Segment Start: LISTED ENTRIES

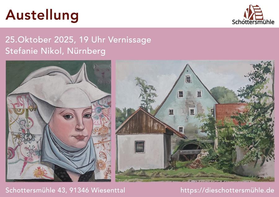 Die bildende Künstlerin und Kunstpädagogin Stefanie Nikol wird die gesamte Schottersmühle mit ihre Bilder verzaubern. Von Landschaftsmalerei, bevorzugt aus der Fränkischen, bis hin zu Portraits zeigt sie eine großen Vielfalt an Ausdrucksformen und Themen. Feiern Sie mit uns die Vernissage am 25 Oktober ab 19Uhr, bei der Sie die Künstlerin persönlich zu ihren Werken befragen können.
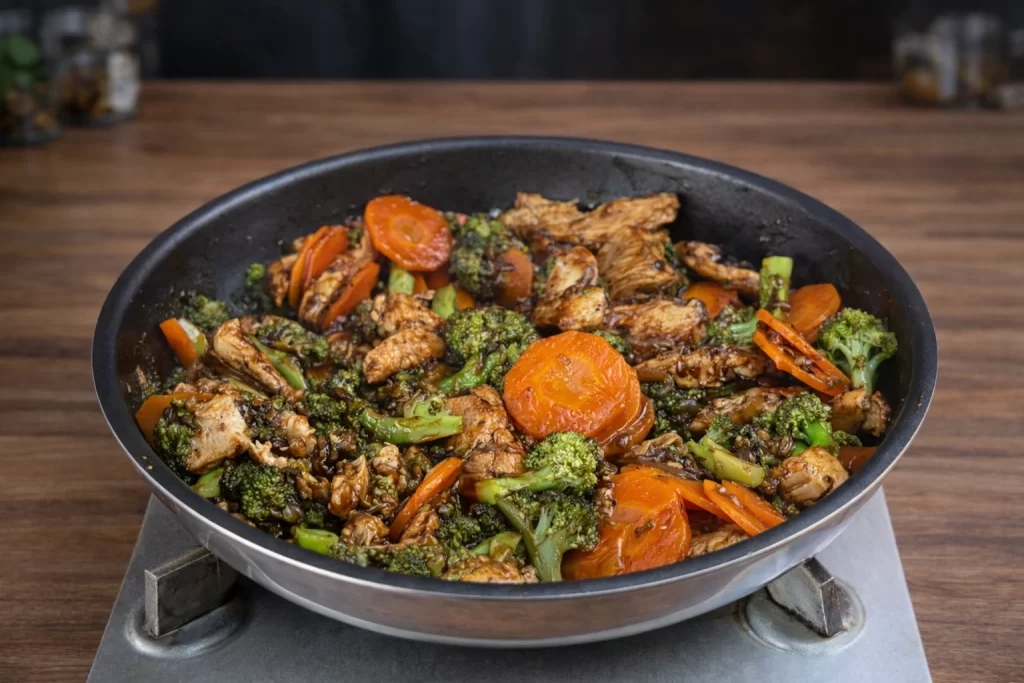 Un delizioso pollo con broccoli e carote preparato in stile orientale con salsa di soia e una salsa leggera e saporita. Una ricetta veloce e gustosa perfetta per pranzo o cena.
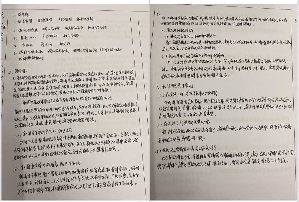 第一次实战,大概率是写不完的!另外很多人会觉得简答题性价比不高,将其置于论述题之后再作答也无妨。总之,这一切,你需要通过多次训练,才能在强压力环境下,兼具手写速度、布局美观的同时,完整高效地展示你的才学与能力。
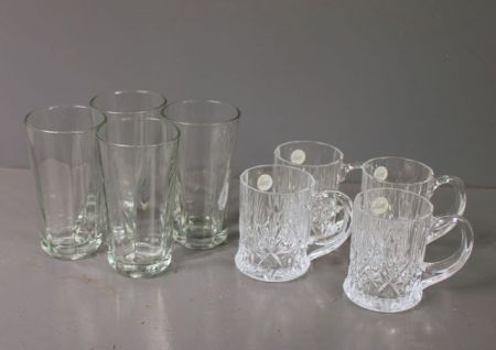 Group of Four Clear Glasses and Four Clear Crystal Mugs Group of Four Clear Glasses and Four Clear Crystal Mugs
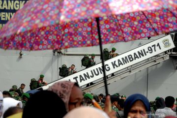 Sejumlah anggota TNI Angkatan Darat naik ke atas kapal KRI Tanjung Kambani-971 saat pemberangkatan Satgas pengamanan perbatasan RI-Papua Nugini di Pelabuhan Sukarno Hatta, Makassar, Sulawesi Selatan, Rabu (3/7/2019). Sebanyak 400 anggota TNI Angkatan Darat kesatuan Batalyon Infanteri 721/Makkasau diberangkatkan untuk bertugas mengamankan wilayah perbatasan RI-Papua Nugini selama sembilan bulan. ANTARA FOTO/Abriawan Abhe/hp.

Segment End: LISTED ENTRIES

Would you copy the lines above exactly, starting with the one that has "第一次实战,大概率是写不完的" and ending with the one that has "Group of Four Clear Glasses and Four Clear Crystal Mugs Group", both included, without the pictures?

 第一次实战,大概率是写不完的!另外很多人会觉得简答题性价比不高,将其置于论述题之后再作答也无妨。总之,这一切,你需要通过多次训练,才能在强压力环境下,兼具手写速度、布局美观的同时,完整高效地展示你的才学与能力。
 Group of Four Clear Glasses and Four Clear Crystal Mugs Group of Four Clear Glasses and Four Clear Crystal Mugs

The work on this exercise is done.